Колпаков точно назвал, куда именно следует засунуть денежный рулончик, и тут же схватил дернувшегося было бородача мертвой хваткой за кончик носа, а другой рукой рубанул, будто отсекая зажатую часть. Хлынула кровь.
Варварский прием, но не опасный, ошеломляет противника, выводит из строя, не причиняя вреда здоровью. Существенного вреда — хрящ, как правило, ломается, но тут уж ничего не попишешь.
Кулак взревел, рванулся, чтобы выскочить на простор и уничтожить обидчика, пришлось вздернуть его большим пальцем за челюсти и опрокинуть обратно на сиденье.
— Тихо, приятель, не шуми. Приедет милиция, а ты тепленький, и деньги трубочкой... Хоть картину рисуй «Взяткодатель перед лицом закона». И кого покупать надумал?

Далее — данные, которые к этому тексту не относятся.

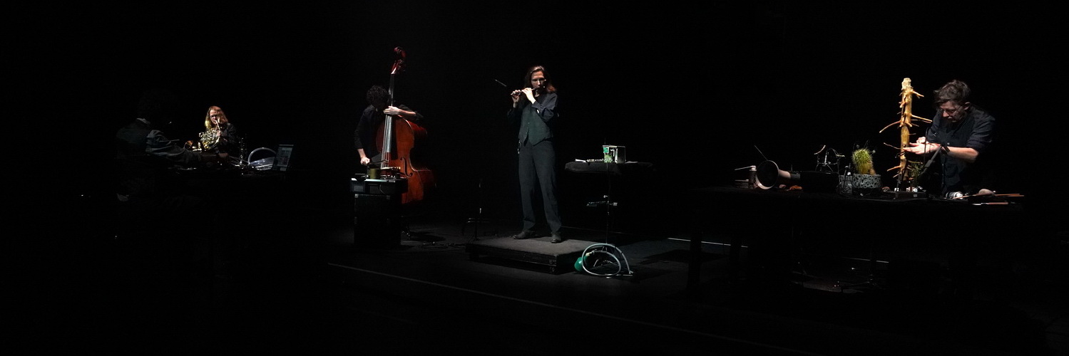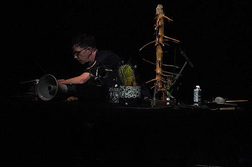Die Musiker betreten die Bühne und geraten in Spotlights. Viel mehr Licht gibt es nicht, wenn nicht gerade die Installationen ins Visier geraten. Wer die Instrumente sieht, gerät ins Grübeln. Die Musiker selbst denken erst gar nicht daran zu verraten, auf welchen abenteuerlichen Geräten sie da Klänge und Geräusche erzeugen. Sie orientieren sich bei den Kategorien an ihren herkömmlichen Instrumenten. Und da sitzt Kurator Florentin Ginot am Kontrabass, Helen Bledsoe setzt sich mit verschiedenen Flöten auseinander, Dirk Rothbrust versorgt das Schlagzeug, Christine Chapman ist zwischendurch mal am Horn zu erleben und Stefan Prins nimmt unverständlicherweise mit dem Rücken zum Publikum am Computer Platz. Das ist allerdings nur die halbe Wahrheit. Unter der Vielzahl an Klangquellen, die auf den Tischen und Pulten aufgebaut sind, kann der Laie gerade mal einen Plastikschlauch und ein Megafon, möglicherweise noch einen Kaktus identifizieren. Statt Erklärungen werden die Musiker später die Möglichkeit zum Gespräch und zur Besichtigung anbieten.

Кулаков замычал, Геннадий ослабил нажим.
— Я честно, без халтуры, в одной секции зарабатываю — и хватает. Своим трудом, между прочим, и знаниями. А ты привык нахрапом. Все твои «контактники» в восторге: как же, здоровенного лба на бензоколонке вырубил! Большой подвиг! Лез без очереди да еще ударил неподготовленного человека в сердце. Есть за что уважать! А кого не запугать — попробуем купить. Мразь ты все-таки, Вова, вот что я тебе скажу. И врачом был никудышным, людей калечил, и спортсмен паршивый: нахватался вершков да сломал ногу Хомутову — вот и все заслуги. Набрался наглости — захотел сэнсэем стать, и опять халтура: в три секции не успеть, завел помощников, сам только пенки снимаешь.
Кулаков пробубнил что-то сквозь окровавленный платок.

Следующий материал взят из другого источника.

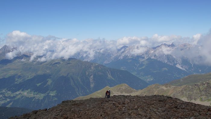 Da heute der schönste Tag der Woche war, waren dementsprechend viele Wanderer heute auf dem Furgler. Aber auf dem Gipfel war genug Platz für alle. Hier konnten wir uns erstmal vom Aufstieg stärken bevor wir die Aussicht in vollen Zügen genießen konnten.

— Нельзя так, Вова, — с театральной назидательностью завершил Геннадий. — Начинай по-другому жить, правильно.
Он отпустил Кулакова, брезгливо отер испачканные пальцы и пошел к своей машине.
— На себя посмотри, — прогундосил сзади неузнаваемый голос. — Ты-то правильно живешь?! И людей калечишь, и пенки снимаешь, только делаешь это в перчаточках, вроде с приличием. А какое здесь приличие? Ты меня презираешь, а сам точно такой же!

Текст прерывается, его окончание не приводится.